Not only does he have continued second thoughts about arresting and helping convict one his Three Pines friends of killing a man, but he is haunted by a recent operation that led to the violent deaths of a number of officers serving under him. One of the deaths weighs particularly heavily on his mind, as he plays back seemingly endless bits of conversation between himself and the doomed officer. Gamache is a man of extraordinary sensitivity and feeling in a job that sometimes can require nearly superhuman choices with no good endings. He knows that it takes time to heal (or at least cover over the wound), but he also knows he will always carry with him the mistakes and misjudgments he thinks led to terrible and final consequences for others and to his own sorrow of soul. No matter whether he says, "I'm sorry. I was wrong," or not, he cannot bring back the lives lost. But perhaps he, with the help of someone else in the Sūreté, can take another look at the Three Pines case...

Penny has done something I'd been hoping she would: she has written a book focused more on the police we've come to know in this series than on the villagers in Three Pines. Since I sometimes find the greed, selfishness, anger, and what-have-you of the Three Pines residents to be a little more than I'd like to stomach, I'm also pleased that Bury Your Dead: A Chief Inspector Gamache Novel spends a lot of time in the old city of Québec as Gamache and his faithful dog, Henri, stay with his old boss, Emile, for a while. There, he reluctantly agrees to help the local constabulary investigate a murder at the Literary and Historical Society where he's been going to research some history.

BURY YOUR DEAD is a fabulous novel. It effortlessly intertwines three plots: the two geographically separated murder cases going on in real time and, in retrospective, the disastrous Canadian police operation that left dead and near dead in its wake.

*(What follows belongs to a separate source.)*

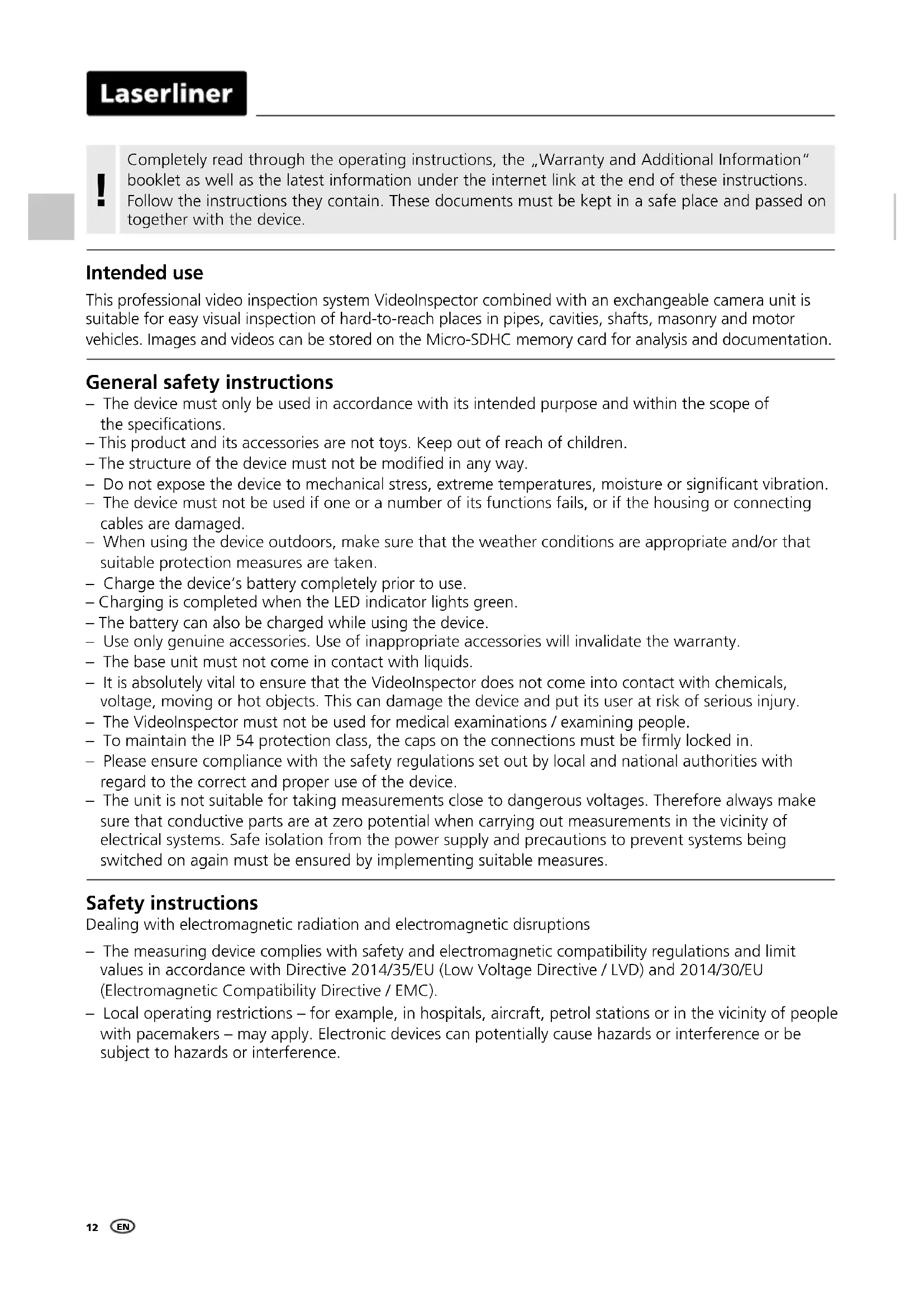 Intended use This professional video inspection system VideoInspector combined with an exchangeable camera unit is suitable for easy visual inspection of hard-to-reach places in pipes, cavities, shafts, masonry and motor vehicles. Images and videos can be stored on the Micro-SDHC memory card for analysis and documentation. Completely read through the operating instructions, the „Warranty and Additional Information“ booklet as well as the latest information under the internet link at the end of these instructions. Follow the instructions they contain. These documents must be kept in a safe place and passed on together with the device.

Gamache's probing in Québec City examines (without being pretentiously didactic) the tensions between the Anglophones and the Francophones, it delves into the Battle of the Plains of Abraham which shaped the destiny of the beautiful old metropolis, and it searches for answers to the mystery of where founding father Champlain might be buried. To say too much about the plot dims the satisfaction of reading this splendid work, so I'll say no more, except to note that toward the end a careful reader can savor the emotion, the psychological insights, and the often beautiful language but also look beyond them to ask questions about a few apparent plot inconsistencies. But overall, I'd say this is Penny's best book to date, and it doesn't require full knowledge of the previous novels to be accessible.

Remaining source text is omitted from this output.